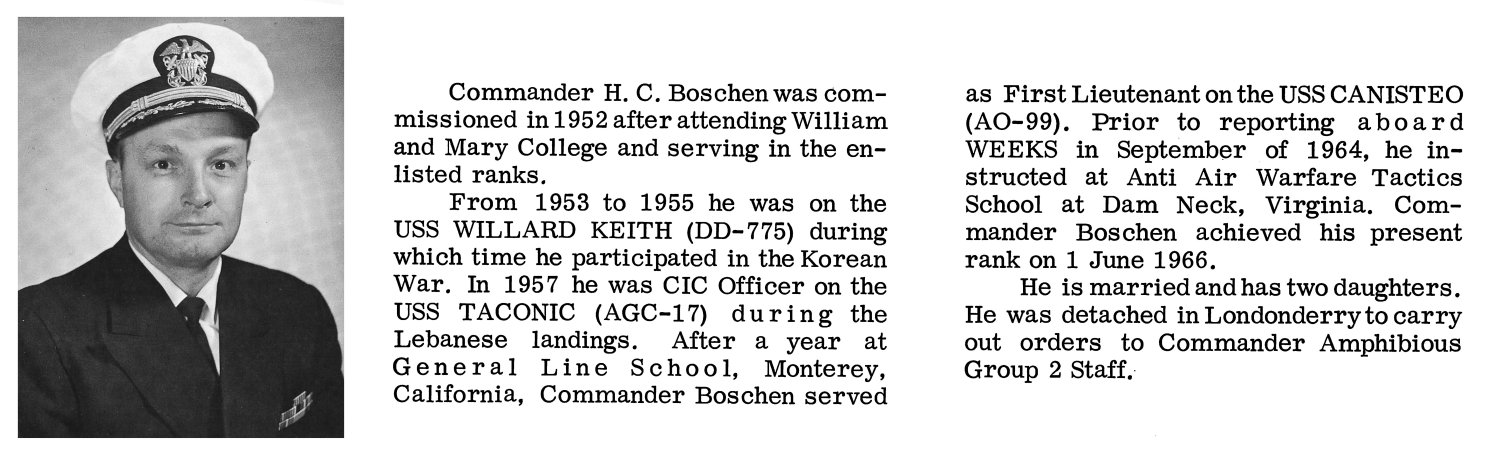 | 07 | LCDR. McCall. Charles DeWitt, USN (USNA 1939) | August 1955 - 15 August 1956 |
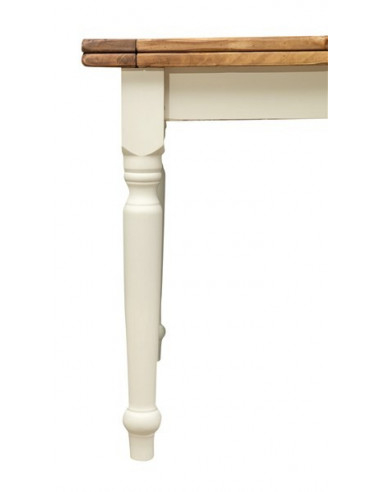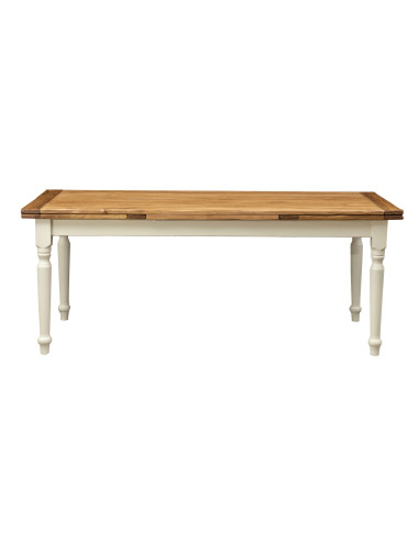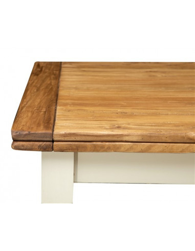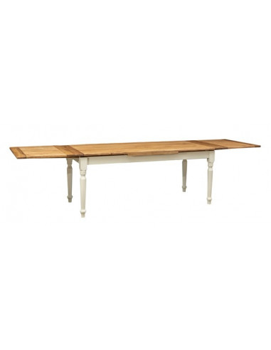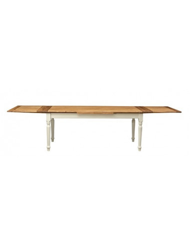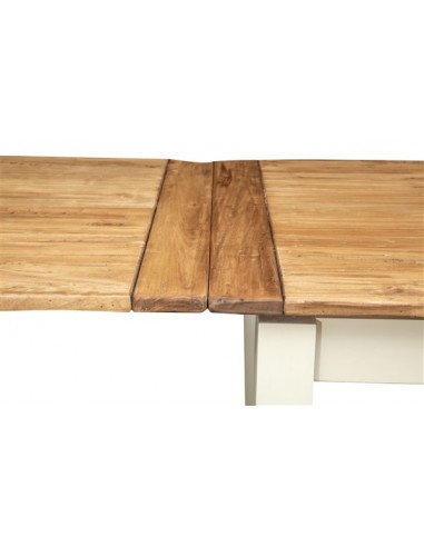 Landelijke uitschuifbare tafel in massief lindenhout, verouderde witte structuur, natuurlijk blad L200xPR90xH80 cm. Gemaakt in I
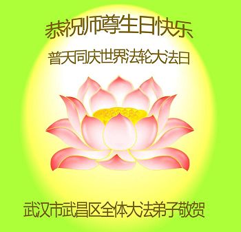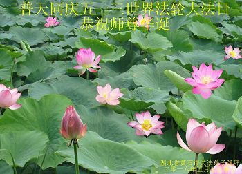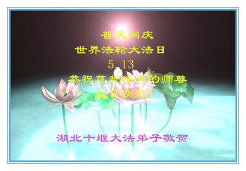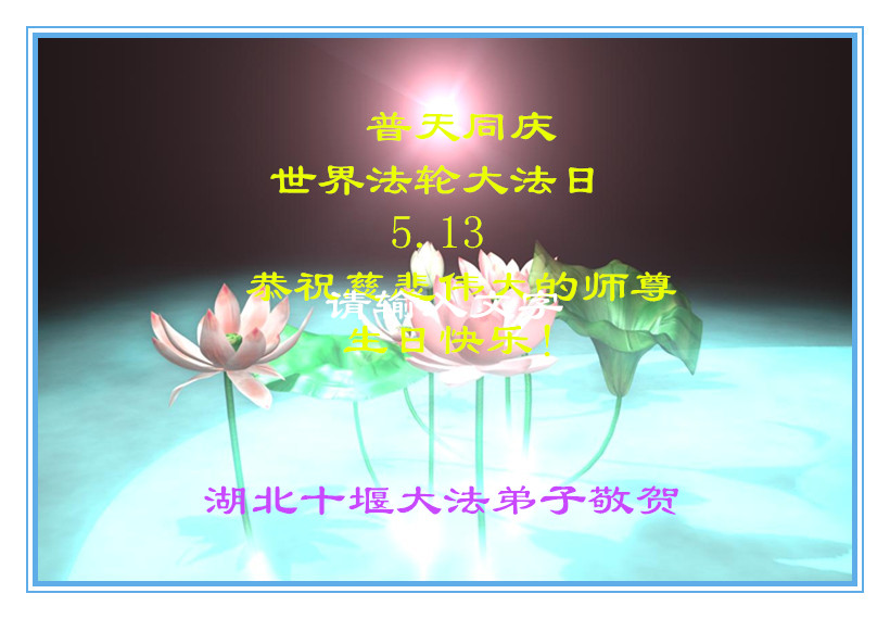 湖北十堰市大法弟子慶祝世界法輪大法日,恭祝慈悲偉大的師尊生日快樂!感恩師尊的慈悲救度,千恩萬謝無言以表!在正法即將結束的最後日子裏,弟子們將謹記師尊教導,認真做好三件事,肩負起正法時期大法弟子的責任,圓滿隨師回歸天國世界!
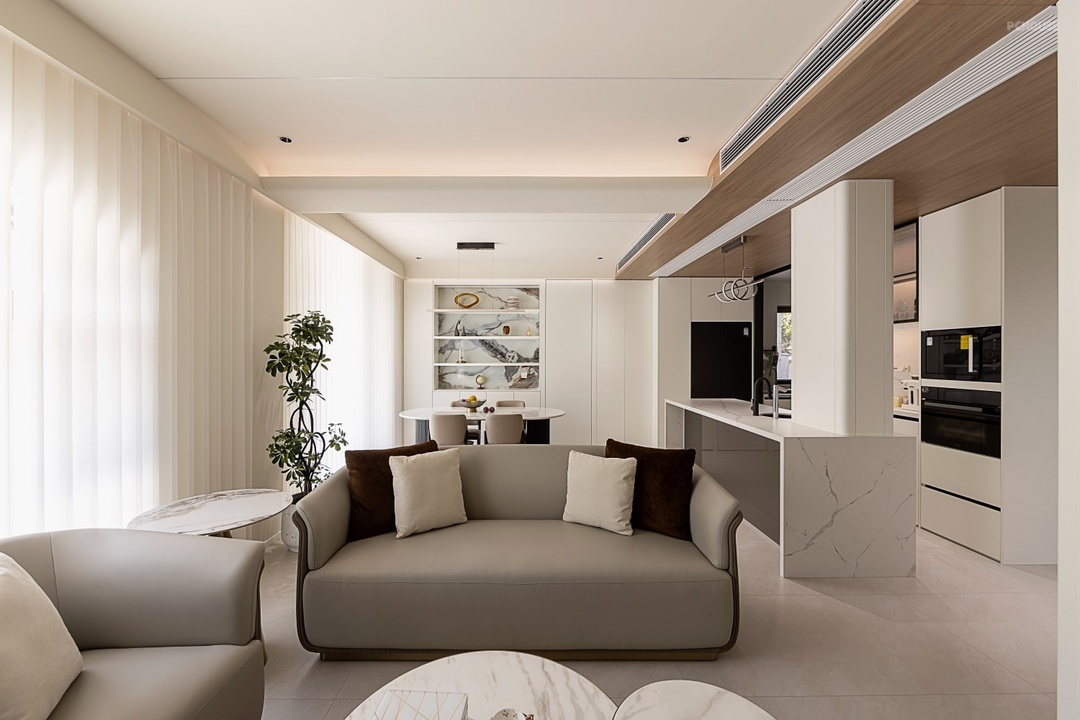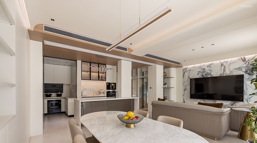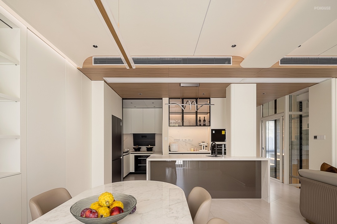 岛台上方木饰面吊顶搭配筒灯,暖光倾洒,为烹饪与欢聚增添温馨氛围。通往厨房采用移门可灵活开合,L 型厨房布局高效实用
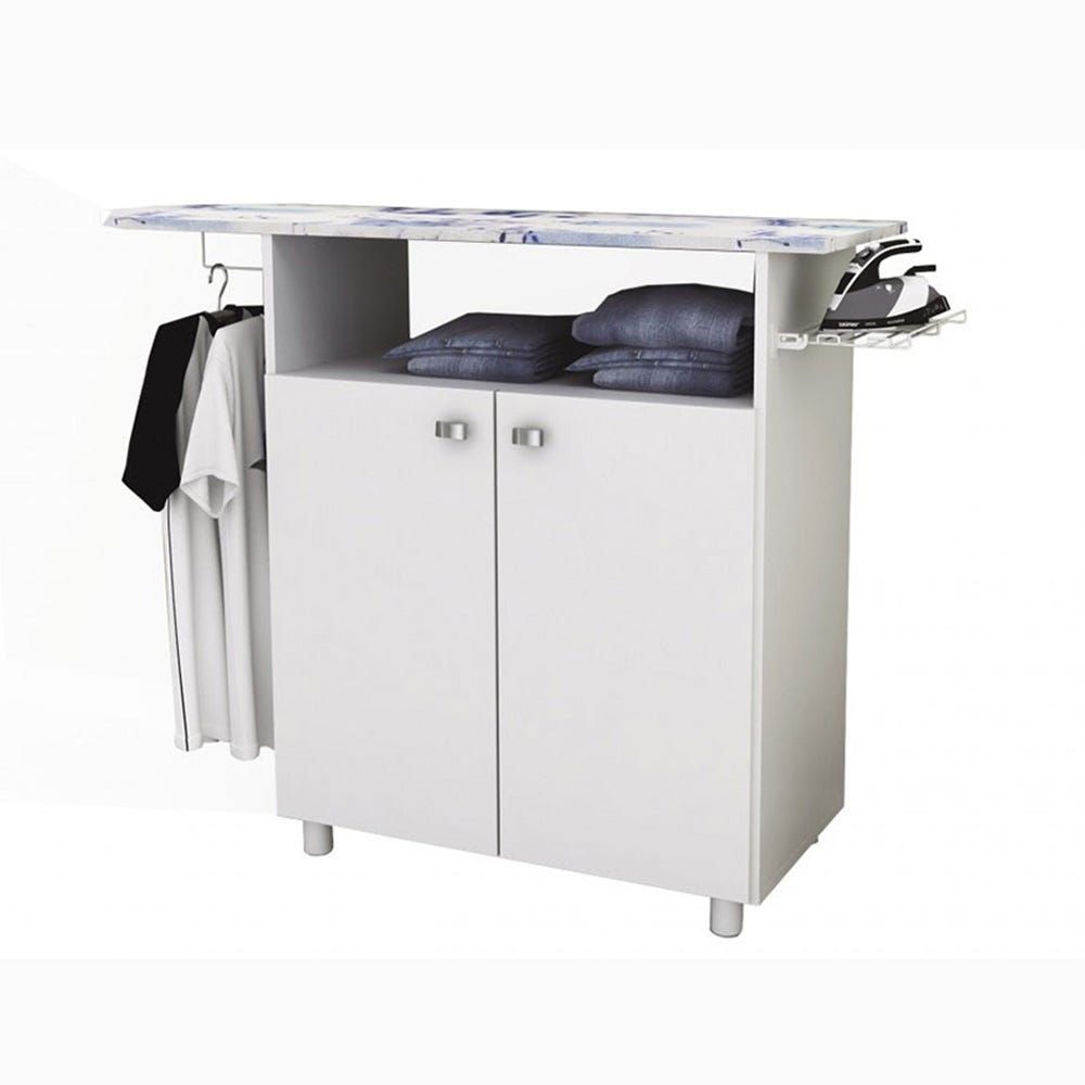 Designed to be more than just an ironing surface, the Cyrine Ironing Board features a multifunctional design that includes plenty of storage. It includes a two-swing-door cabinet with a metal handle, providing ample space to store folded clothes after ironing. This thoughtful design helps keep your laundry space neat and organized.
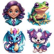 4 Adet 10x10 Cm Sticker Çocuk Etiket Seti V4 Çok Renkli
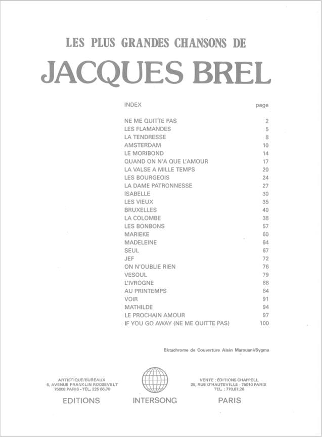 PARTITION de Jacques BREL LES VIEUX, 1964
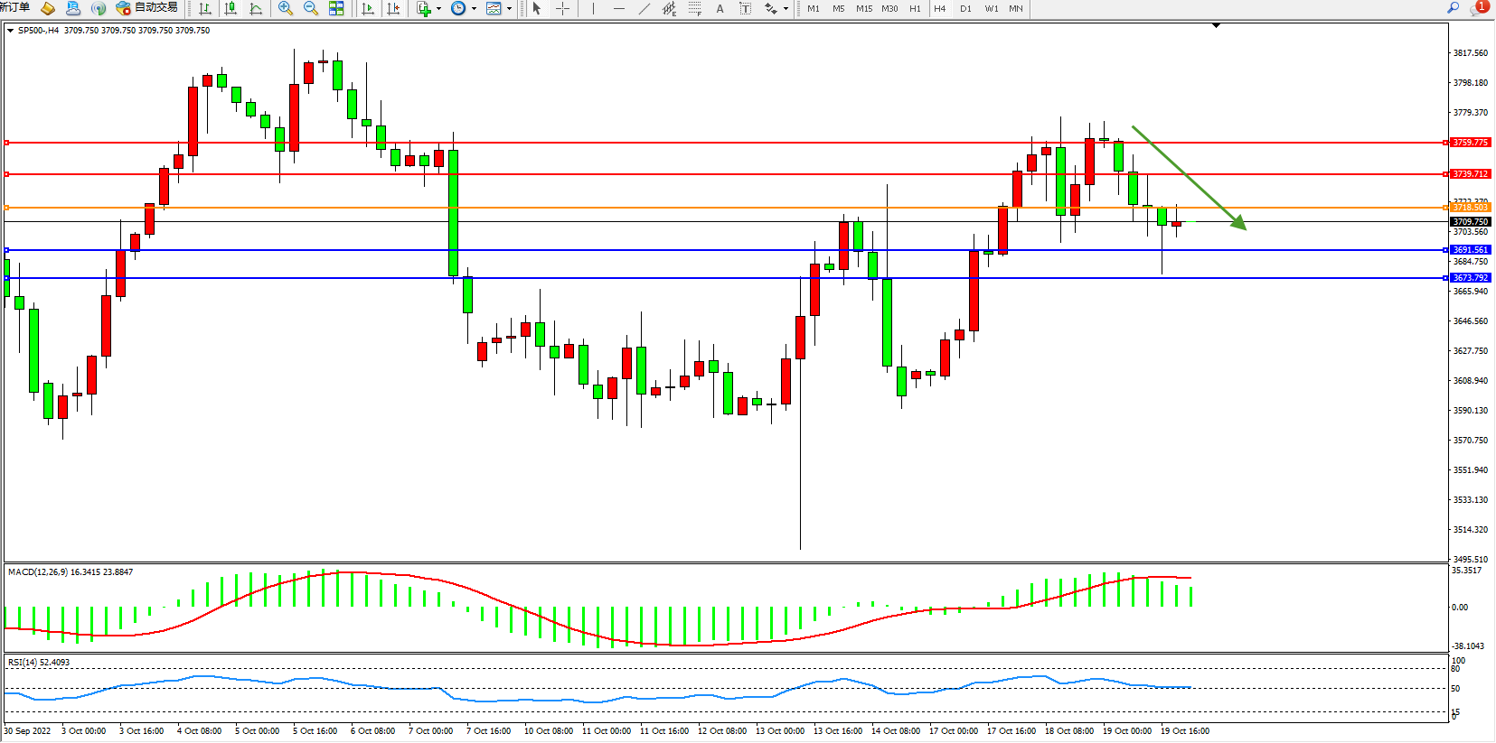 标普SP500——4小时K线图显示:

- Requirement
Could you return each line, unchanged, from the line containing "Designed to be" through the last line of the entries above, leaving out the pictures?

- Final answer
 Designed to be more than just an ironing surface, the Cyrine Ironing Board features a multifunctional design that includes plenty of storage. It includes a two-swing-door cabinet with a metal handle, providing ample space to store folded clothes after ironing. This thoughtful design helps keep your laundry space neat and organized.
 4 Adet 10x10 Cm Sticker Çocuk Etiket Seti V4 Çok Renkli
 PARTITION de Jacques BREL LES VIEUX, 1964
 标普SP500——4小时K线图显示:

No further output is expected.